The coordinator reads this manifest, retrieves the completed list, findings, and resume_from (pending tasks) to resume from the interruption point.

Key Point

T5.5: Human Review Workflows and Confidence Calibration

The “97% Overall Accuracy” Trap

In CCA exam context management, reliability, and summary, this topic is particularly important.

Additionally, 97% overall accuracy isn’t reassuring. Poor performance in specific categories may be hidden.

Overall invoice extraction accuracy: 97%
But “handwritten invoice” accuracy: 72%
“Tax amount field” accuracy: 81%

For example, automation decisions should be made after verifying accuracy by document type and field.

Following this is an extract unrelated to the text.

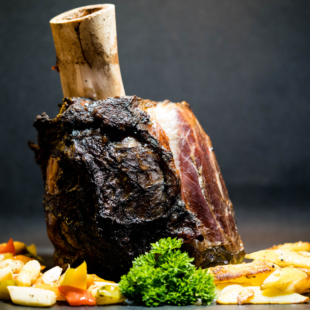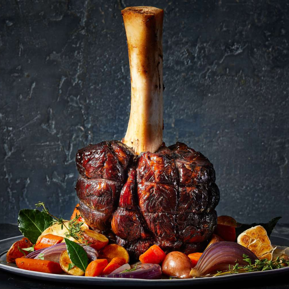 A showstopper bone-in Thor Hammer cut — rich in flavour and perfect for slow cooking or BBQ roasting.
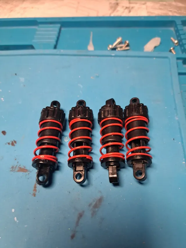 Detalles del productoSet de cuatro amortiguadores de plástico con resortes rojos.

Stratified Random Sampling

Therefore, sampling design is needed to measure error rates in high-confidence extractions and detect new error patterns. Verify accuracy across document type × field combinations.

Confidence Calibration

When a model reports “high confidence” on 100 extractions, ideally 95%+ should be correct. If only 80% are correct, the model is overconfident. Track calibration metrics and adjust thresholds accordingly.

T5.6: Source Attribution Preservation and Multi-Source Synthesis

Maintaining Claim-Source Mapping

Every factual claim in synthesized output should be traceable to its source. This is especially critical in research, legal, and compliance contexts.

Key Point: The claim-source mapping pattern preserves the link between each assertion and its origin. When sources conflict, present both with attribution rather than silently choosing one.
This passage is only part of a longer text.